Venous ulcer management

Patients who develop severe PTS and venous leg ulcers should be managed by a multidisciplinary team including an internist, dermatologist, vascular surgeon, and wound-care nurse. PTS-related ulcers typically are treated with compression therapy; leg elevation; topical dressings; and pentoxifylline, a pharmacologic agent considered to improve tissue blood flow and oxygen delivery. For recurrent ulcers or those that are refractory to therapy, surgery or endovascular procedures should be considered.

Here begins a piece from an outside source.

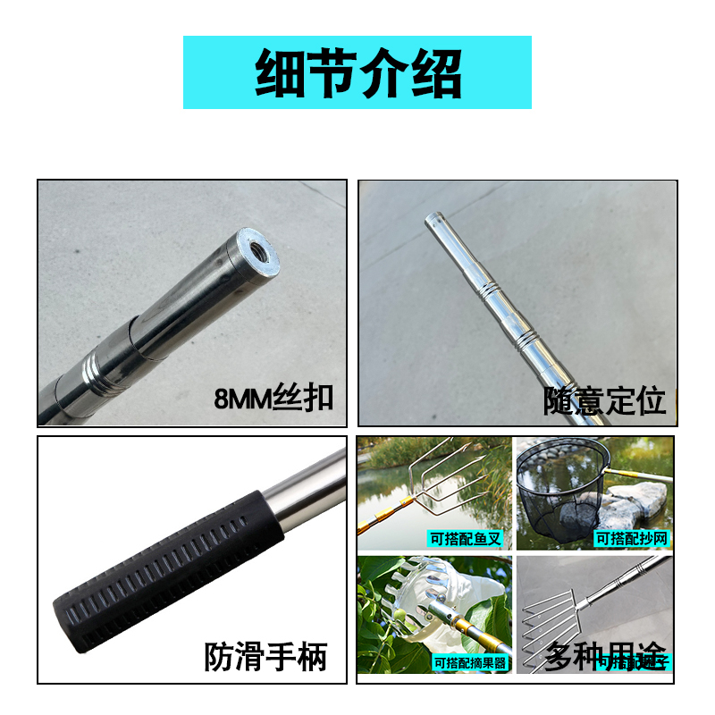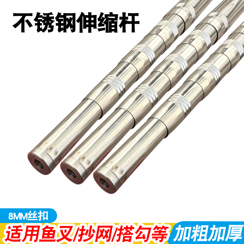 淘宝加厚不锈钢抄网杆裸竿超硬钓鱼抄鱼捞鱼网抄可伸缩抄网杆鱼叉杆

Endovascular and surgical options

If conservative management fails to improve symptoms, endovascular or surgical treatments (such as stent placement for chronic iliac vein obstruction or venous bypass surgery) can be considered for symptom relief in select patients with severe PTS. However, the lack of good-quality evidence prevents robust recommendations regarding these procedures.

Research Needs

PTS is known to be a frequent complication of DVT, yet there are several gaps in our understanding of the prevention and management of PTS. An improved understanding of the pathophysiology of PTS, for example, would help researchers identify future therapeutic targets. Validated clinical prediction rules to predict PTS risk would allow us to more accurately select patients for preventive treatment.